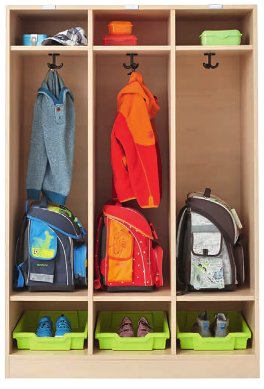 Das praktische Garderobenregal bietet Platz für Schultaschen, Jacken, Schuhe und Vesperdosen, Mützen u.ä. von 3 Schülern
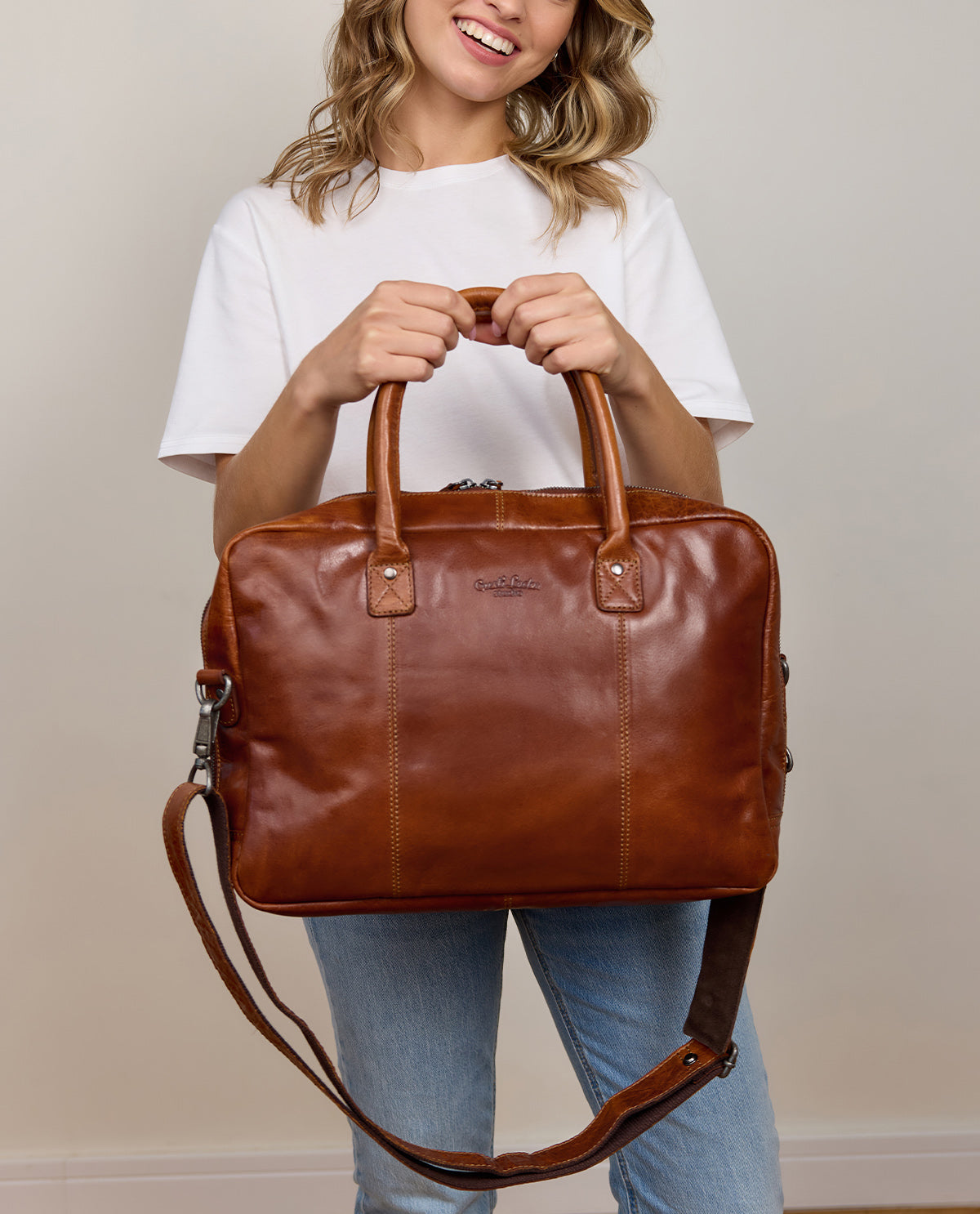 Our Gusti Leather briefcase is made from premium brown leather which gives it an authentic vintage look and means it'll last a lifetime. The high-quality material has been carefully processed to ensure this leather bag can withstand anything you throw at it.
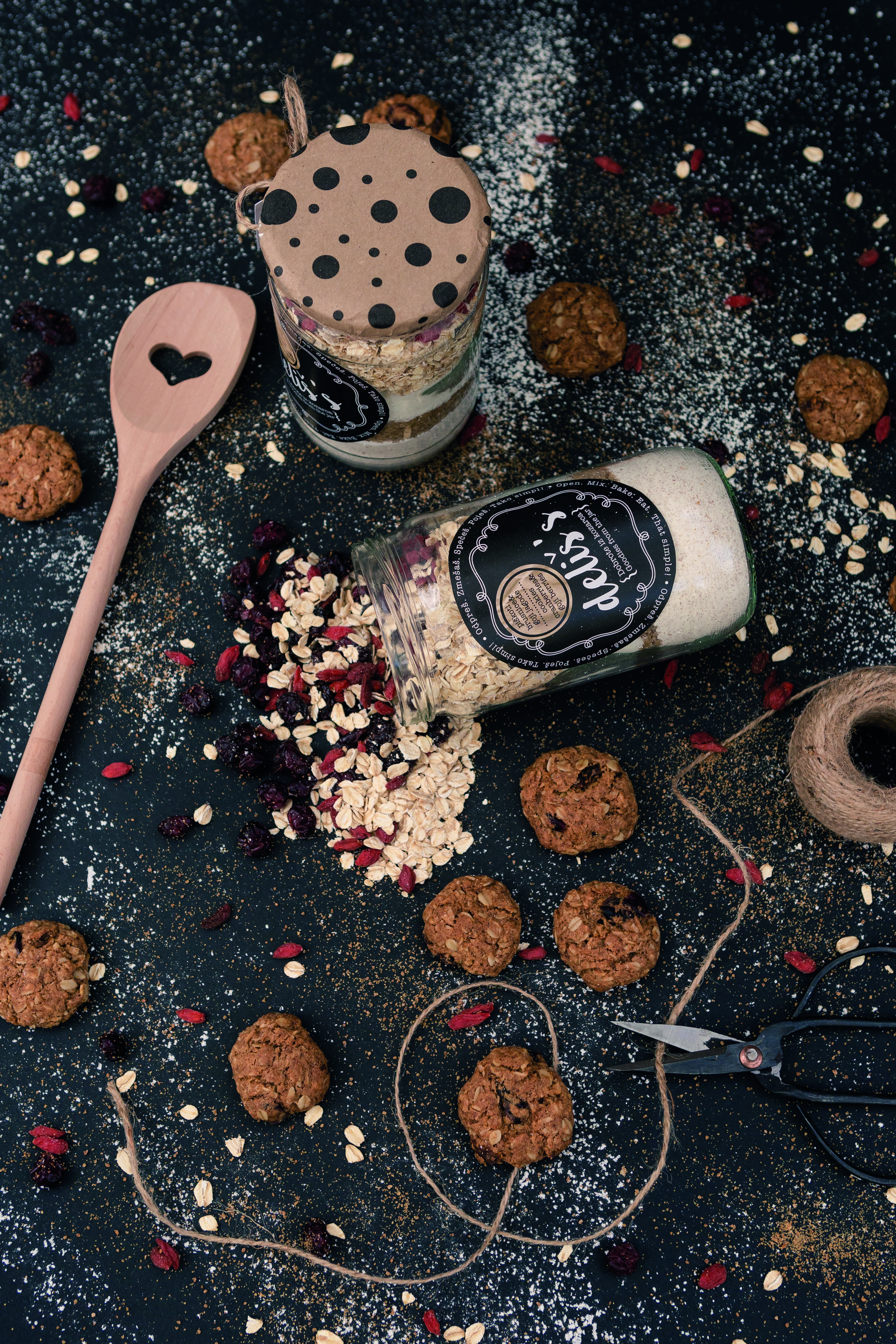 Ya solo el nombre dice que es delicioso, sencillo y casero. Compártelo. lindo vaso, en el que los ingredientes están entrelazados en capas, es un regalo especial, ya que permite al destinatario participar activamente en la historia del regalo. Con los ingredientes del tarro y las instrucciones incluidas, podrás hacerlo tú mismo. hornea diferentes tipos de golosinas. Cada vaso es único, ya que se llena a mano y se prepara con mucho alma. Personifica palabras como hogar, familia, amigos, calidez, cooperación, tiempo libre, cocina aromática y, por supuesto, socialización.
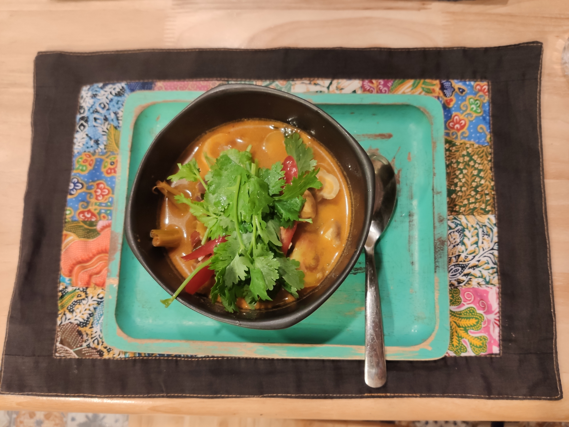 타마린드 쥬스랑 뭐 어쩌고랑 저쩌고랑 아까 만들었던 재료를 다 때려넣고 마지막에 고수까지 올렸더니 이게 바로 홈메이드 똠얌꿍 와아~
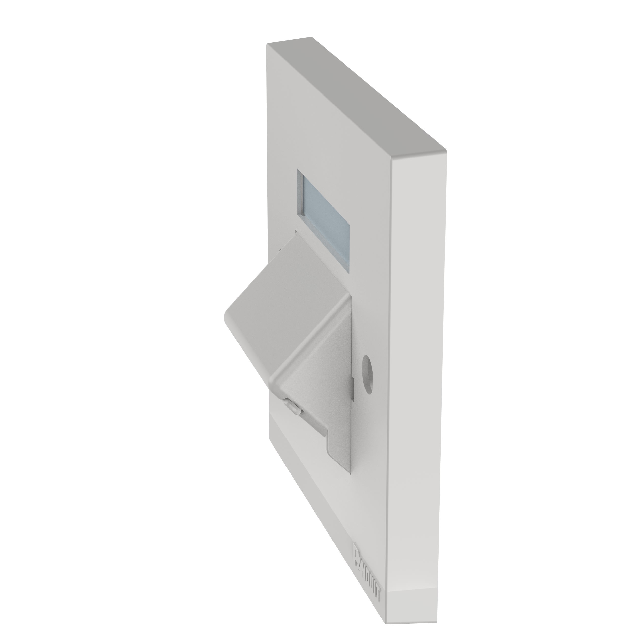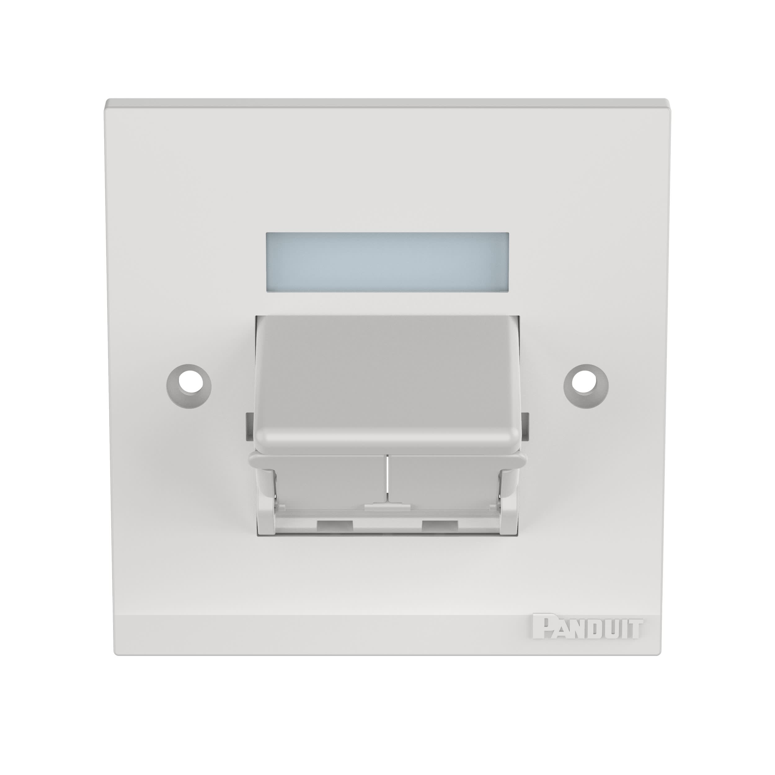 La plaque frontale de 86mm × 86mm Mini-Com™ peut accueillir deux modules Mini-Com. La plaque frontale inclut un cadre et un insert incliné et obturé de demi-taille pour améliorer le rayon de courbure et protéger les modules de la poussière et des débris. La plaque frontale inclut une poche à étiquettes pour une identification facile et est de coloris blanc arctique.

What is required: The lines running from the beginning of the listing above through the line that holds "타마린드 쥬스랑 뭐 어쩌고랑" are to be duplicated exactly, both ends kept, pictures omitted.

Answer:
 Das praktische Garderobenregal bietet Platz für Schultaschen, Jacken, Schuhe und Vesperdosen, Mützen u.ä. von 3 Schülern
 Our Gusti Leather briefcase is made from premium brown leather which gives it an authentic vintage look and means it'll last a lifetime. The high-quality material has been carefully processed to ensure this leather bag can withstand anything you throw at it.
 Ya solo el nombre dice que es delicioso, sencillo y casero. Compártelo. lindo vaso, en el que los ingredientes están entrelazados en capas, es un regalo especial, ya que permite al destinatario participar activamente en la historia del regalo. Con los ingredientes del tarro y las instrucciones incluidas, podrás hacerlo tú mismo. hornea diferentes tipos de golosinas. Cada vaso es único, ya que se llena a mano y se prepara con mucho alma. Personifica palabras como hogar, familia, amigos, calidez, cooperación, tiempo libre, cocina aromática y, por supuesto, socialización.
 타마린드 쥬스랑 뭐 어쩌고랑 저쩌고랑 아까 만들었던 재료를 다 때려넣고 마지막에 고수까지 올렸더니 이게 바로 홈메이드 똠얌꿍 와아~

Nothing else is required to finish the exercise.